Wall Street Journal op-ed: Romney's Tax Plan Can Raise Revenue, by Martin Feldstein (Harvard University, Department of Economics):
Mitt Romney's plan to cut taxes and offset the resulting revenue loss by limiting tax breaks has been attacked as "mathematically impossible." He would reduce all individual income-tax rates by 20%, eliminate the Alternative Minimum Tax and the estate tax, and limit tax deductions and loopholes that allow high-income taxpayers to reduce their tax payments. All this, say critics, would require a large tax increase on the middle-class to avoid raising the deficit.
Careful analysis shows this is not the case.
The critics' claims are based on calculations by the Tax Policy Center (update here) … , which used a computer model to forecast personal tax revenue and AMT liabilities of taxpayers at each income level in 2015. Such forecasts are inevitably speculative.
To avoid the resulting uncertainties, I decided to analyze the Romney plan using the most recent IRS data, which is based on tax returns for 2009 and published in the current issue of the IRS quarterly publication. (Although 2009 was a low-income year because of the recession, using that year is preferable to looking back to some earlier period.) …
Since broadening the tax base would produce enough revenue to pay for cutting everyone's tax rates, it is clear that the proposed Romney cuts wouldn't require any middle-class tax increase, nor would they produce a net windfall for high-income taxpayers. The Tax Policy Center and others are wrong to claim otherwise.
The Romney plan can reduce the current tax system's distortions, increasing national income in the short run and economic growth in the years ahead. That was the key to the very successful Reagan tax cuts of 1986. It was also the tax-reform strategy embraced by the bipartisan Bowles-Simpson commission in 2010. And it could put the economy back on the right track in 2013.

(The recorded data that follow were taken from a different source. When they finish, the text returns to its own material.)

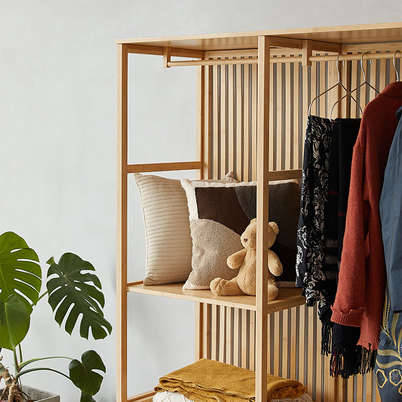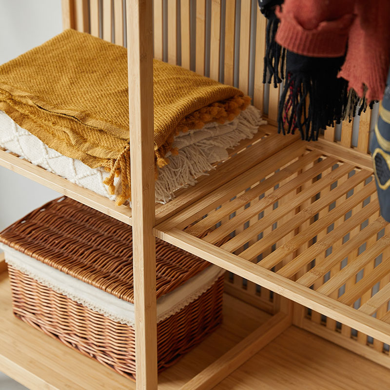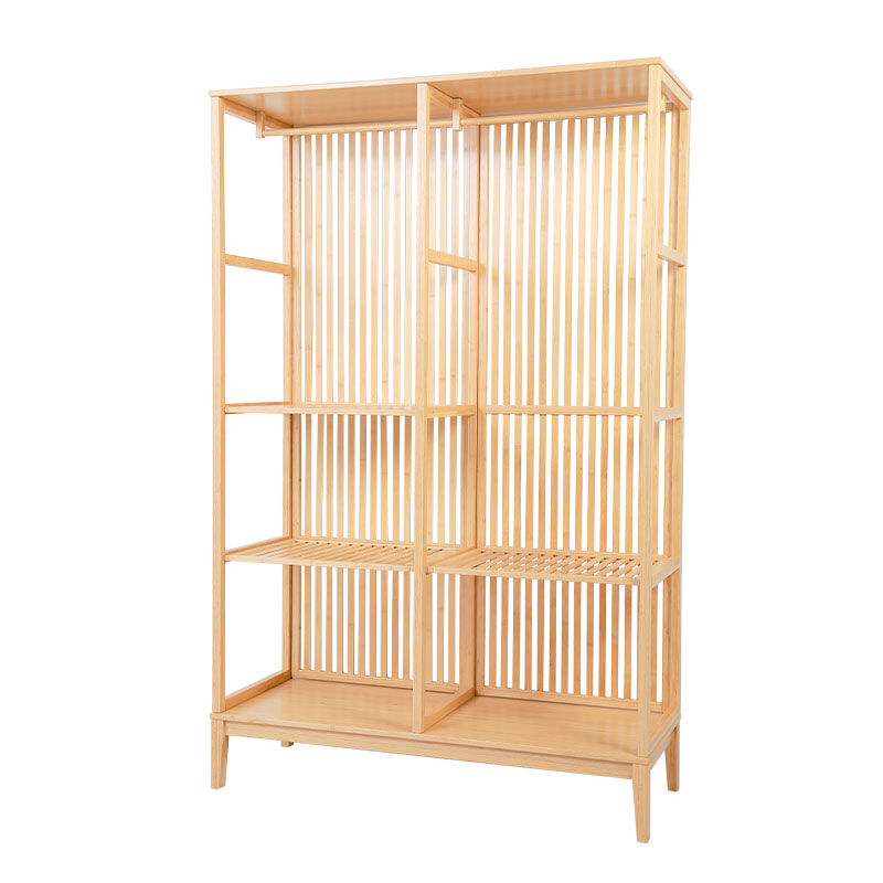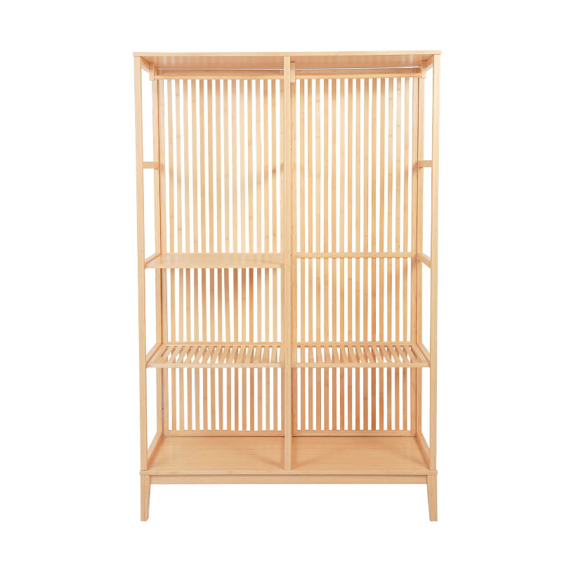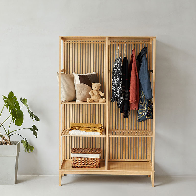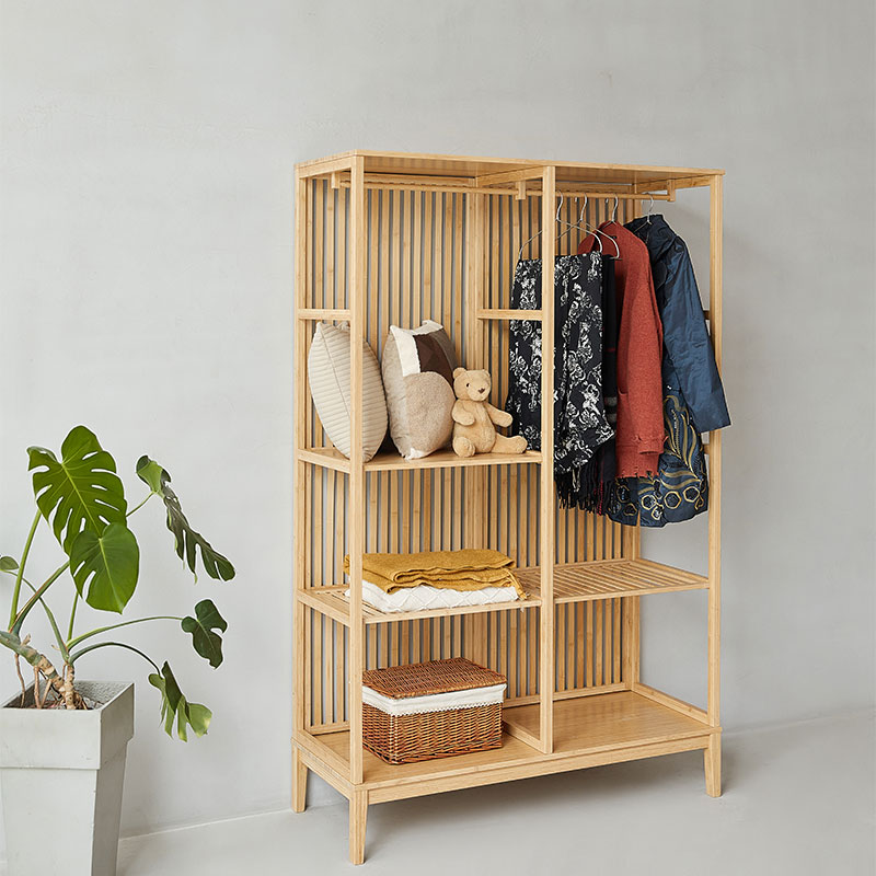 開(kāi)放式衣柜采用100%天然竹材,硬度高,經(jīng)久耐用。線(xiàn)條簡(jiǎn)約,具有獨(dú)特東方風(fēng)情。開(kāi)放設(shè)計(jì),空間通透,一側(cè)設(shè)有固定壁柜,另一側(cè)設(shè)有滑門(mén),雖為開(kāi)放式,但也保證足夠的隱私??蓪⒁鹿褫^短的一側(cè)固定在墻上,作為房間隔斷,收納空間強(qiáng)大,滿(mǎn)足放置日常衣物的需求。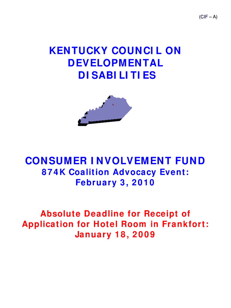 (CIF A) KENTUCKY COUNCIL ON DEVELOPMENTAL DISABILITIES CONSUMER INVOLVEMENT FUND 874K Coalition Advocacy Event: February 3, 2010, Absolute Deadline for Receipt of Application for Hotel Room in Frankfort: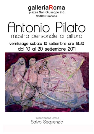 Dal 10 al 20 settembre, alla Galleria Roma di Siracusa (Piazza San Giuseppe 1/2/3), si terrà la mostra personale di pittura di Antonio Pilato. La presentazione è di Salvo Sequenzia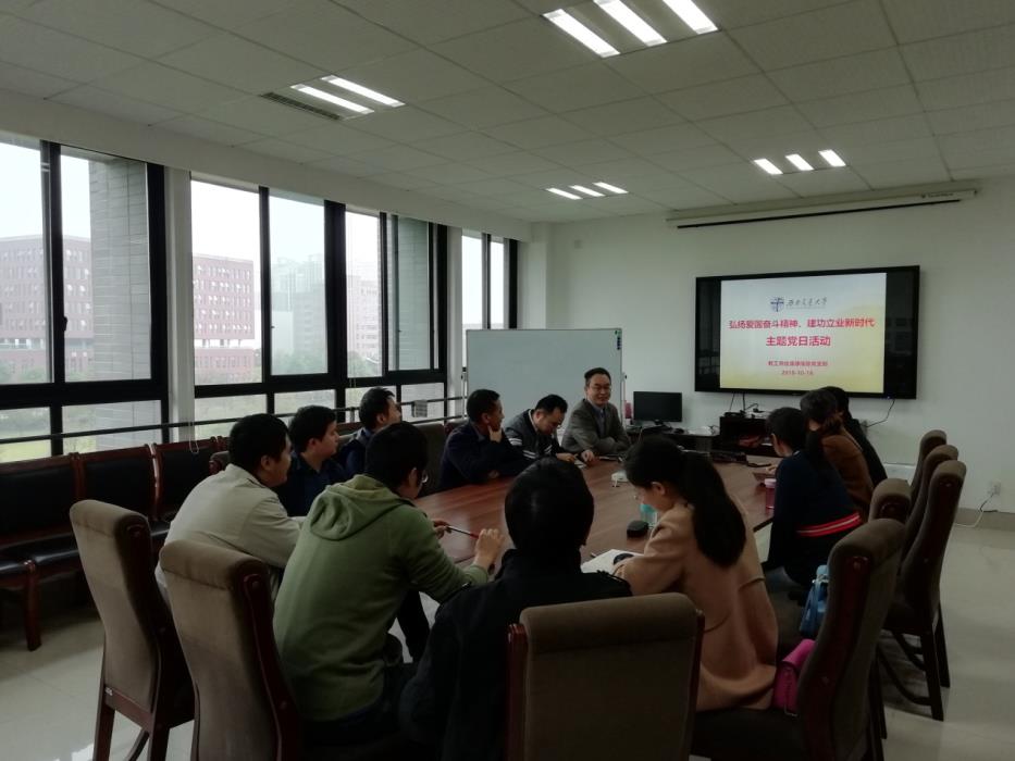 犀浦校区X4431会议室开展了“弘扬爱国奋斗精神,建功立业新时代”主题党日活动,本次会议由党支部书记黄泽纯同志主持。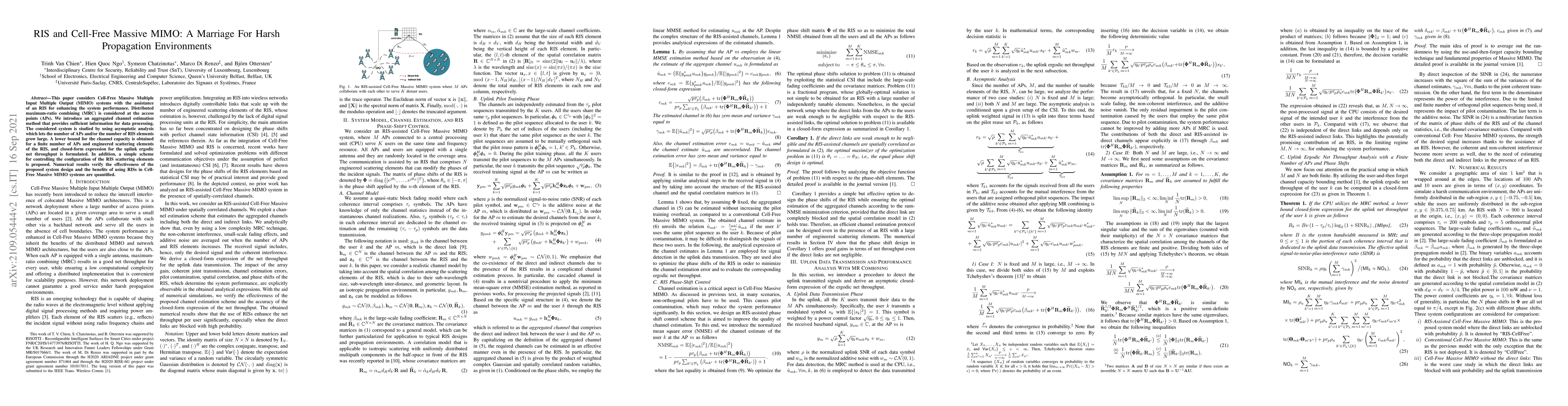 This paper explores the integration of Reconfigurable Intelligent Surfaces (RIS) with Cell-Free Massive MIMO systems to improve performance in harsh propagation environments. It proposes an aggregated channel estimation method and a simple RIS configuration control scheme, demonstrating enhanced channel capacity and uplink throughput through asymptotic analysis and numerical results.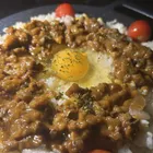 メインはコーンと玉ねぎみじん切りを入れたバターライスを炊いて牛肉を叩いて超粗挽き仕様のドライカレーを作りました。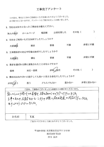 ご紹介で当社にご依頼にいただいたY.K.様からのアンケートです。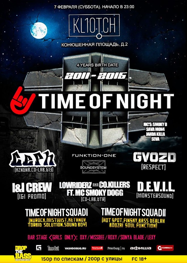 Внимание, андеграунд! Объявляем общий сбор по замечательному поводу - 4 года с момента рождения TIMEOFNIGHT!!! В планах ночи - большое количество интересных гостей, массовый 2-часовой b2b резидентов TON и нехилый дамский состав в барной зоне. Сопровождать все это будут, конечно же, мощные вайбы drum'n'bass & jungle саунда! Все DJ, MC, участники и гости наших событий, милости просим в субботу, 7 февраля, в уютный бар KL10TCH (Конюшенная пл.2) с отличнейшим рупорным звуком FUNKTION - ONE (марки, которая не нуждается в особом представлении). Начало в 23:00. ▼▼▼▼▼▼▼▼▼▼▼▼▼▼▼▼▼▼▼▼▼▼ Список по 150р: vk.com/topic-85307324_31098363 ▲▲▲▲▲▲▲▲▲▲▲▲▲▲▲▲▲▲▲▲▲▲ Специальные гости на событии: CEPH / (KZNDNB) [CO-LAB, G13] GVOZD / [RESPECT] D.E.V.I.L / [MONSTERSOUND] MAIN [D&B, JUNGLE]: LOWRIDERZ FT. MC SMOKY D I&I CREW TIMEOFNIGHT SQUAD 1: KETANOV NUROCK MISTWIST SOUNDBOY aka INFECTED TORBID SOLUTION TIMEOFNIGHT SQUAD 2: HOT SPOT SOUL FUNCTION BASS DEALAH FINSKY BOOZA! BAR STAGE [LIQUID FUNK, ATMOSPERIC FUNKY BREAKS,DUBSTEP]: OXY MISSBEE ROXY SONYA BLADE LEXY MC'S: SMOKY D SAVA MON4 JAHDA KILLA SEVA LUCKY7 Стоимость входа: 150р по спискам, 200р с улицы. Веб-сайт:vk.com/timeofnightz Местоположение:@ KL10TCH, Конюшенная площадь 2 Начало:7 февраля в 23:00 Окончание:8 февраля в 6:00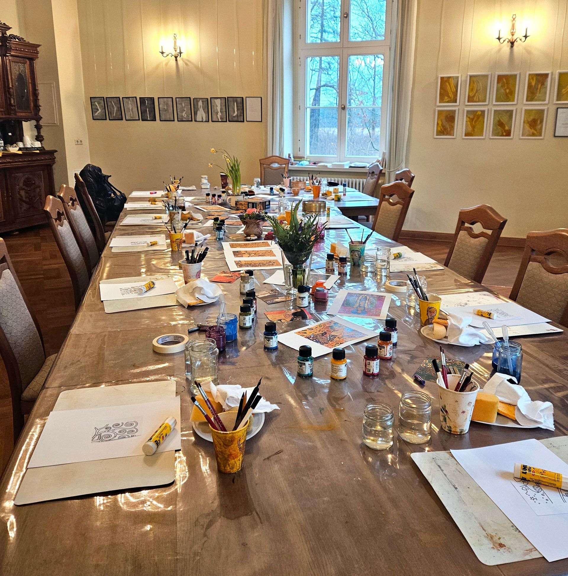Für diese kreative Auszeit nutzen wir den sogenannten "Grünen Salon" im Schloss. Dieser ist gleichzeitig auch unser Ausstellungsraum mit wechselnden Kunstausstellungen - also ein Ort, der inspiriert.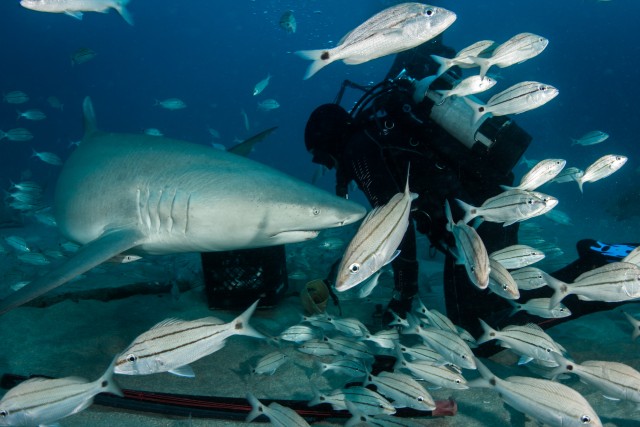 Shark handlerf/8.0 1/100 The picture was taken during a shark dive off the coast of Florida, Jupiter.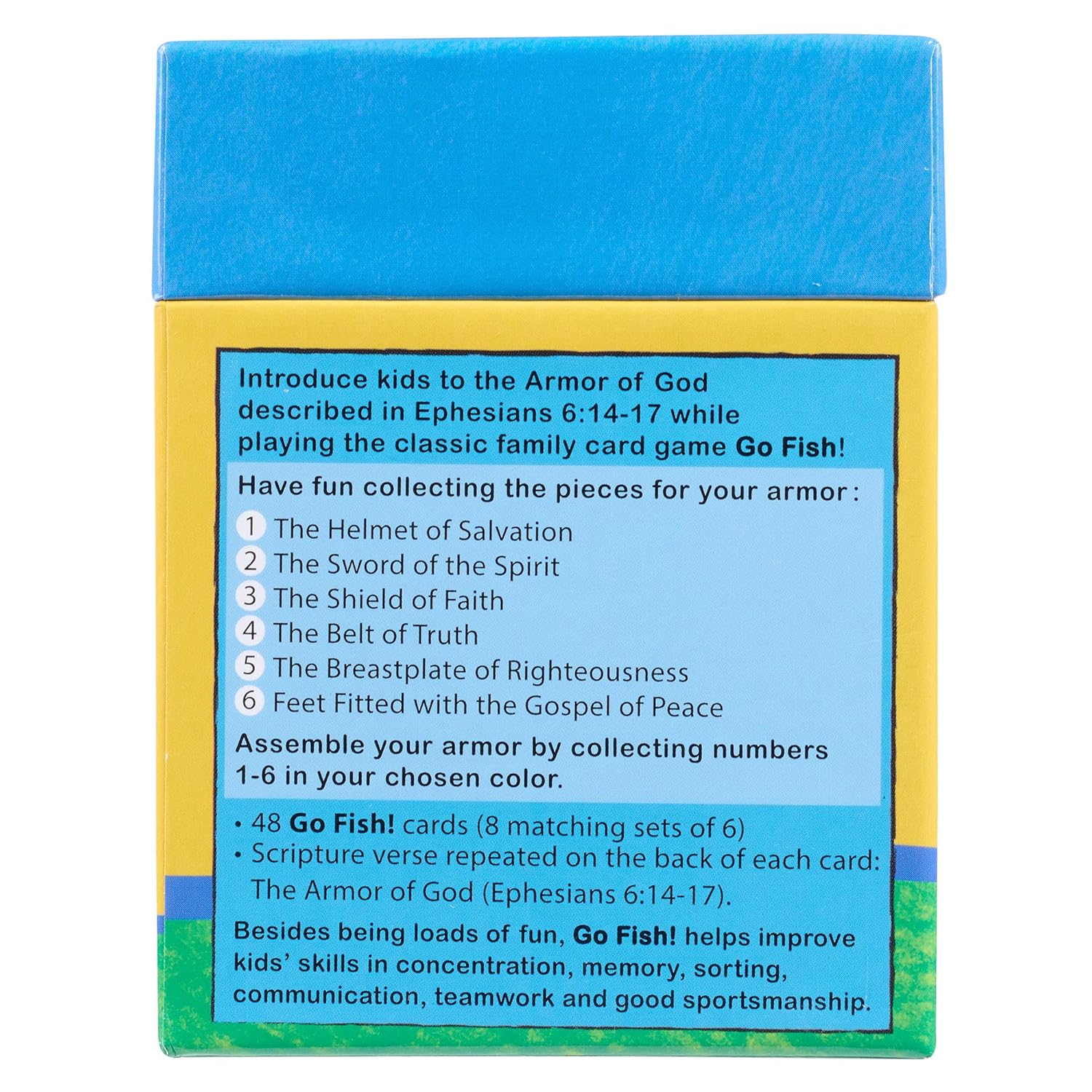 Consider treating our grandchildren with the Go Fish! The Armor of God Card Game for family game night or pick up a few sets for a fun game to play in Sunday school. The Go Fish! The Armor of God Card Game will effortlessly teach a valuable Bible-based lesson through a fun game.

Update: Tax Vox Blog: Feldstein’s Analysis Doesn’t Refute TPC Findings, It Confirms Them:
Romney economic adviser Martin Feldstein attempts to contradict our finding. Instead, his analysis actually confirms our central result. Under the stated assumptions in Feldstein’s article, taxpayers with income between $100,000 and $200,000 would pay an average of at least $2,000 more.